Last night was loud and scary.
We had a line of thunderstorms move through and as is typical, I was on the covered front porch watching it approach. You probably know by now that I adore storms and am sometimes comforted by their appearance.
The wind began to howl, thunder shook the house and then lightning struck a tree in front of us.

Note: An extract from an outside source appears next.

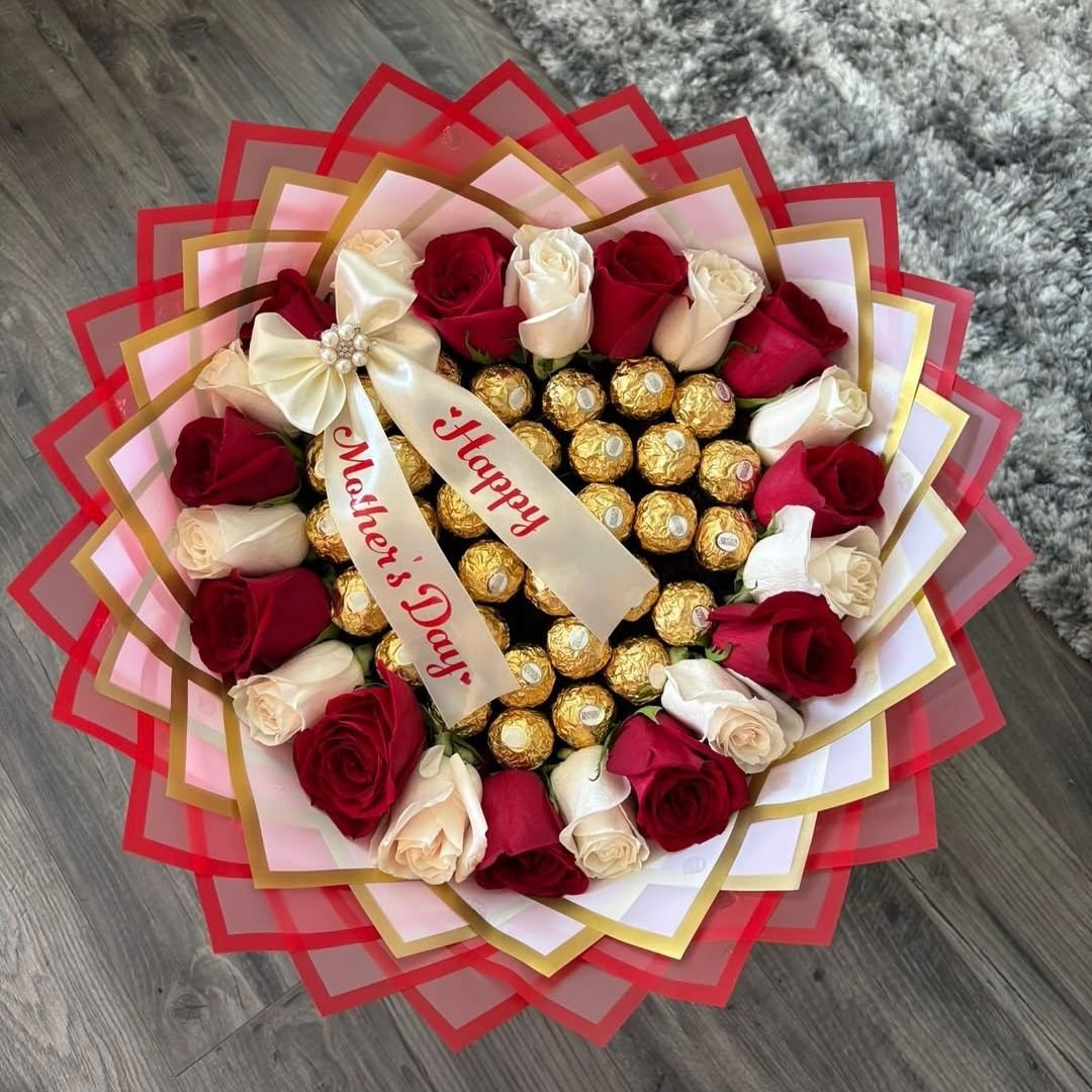 A heartfelt Mother’s Day gift featuring 12 red and 12 white roses, 24 Ferrero Rocher chocolates, and a “Happy Mother’s Day” ribbon. Elegant, loving, and memorable.

I screamed like a girl (which makes sense because I am one, but for some reason I am slightly ashamed of the female hysterics) and I ran in the house. Shaking like a chihuahua on crack, I stood for a moment behind the glass door watching a light show that would have made Pink Floyd drool over the strobe effects. Then common sense kicked in as I watched limbs fly by reminiscent of a scene from Wizard Of Oz and I ran to grab sleeping children (how they were still sleeping is beyond me since a floor board creaking at 2 am can wake them from a sound sleep for a glass of water)
I now know that I can’t lift both the small girls, because frankly…they aren’t small anymore. I can however carry a two year old on my hip and limp drag a 60lb child to a safe location. (Dear daughter, if you ever read this one day, I’m sorry about the door frame incident. I thought it was wider than that)
I could see some of the damage through the flashes of lightning last night, but couldn’t get a clear image in the night. It looked bad and my overly abundant imagination helped me picture every tree on our 3 acres scattered around like toothpicks in a accidental pallet spill at the toothpick packaging/shipping facility. Scorch marks dotting the ground from lightning strikes playing hop scotch were probably going to make my English Gardens look more like the base of Mount Vesuvius.
God gave me a vividly, horribly beautiful imagination.
The morning light reveals that we indeed have tree damage, but nothing like what I feared and nothing like what could have been.
…and frankly…don’t most fears dissipate in the light that replaces the dark?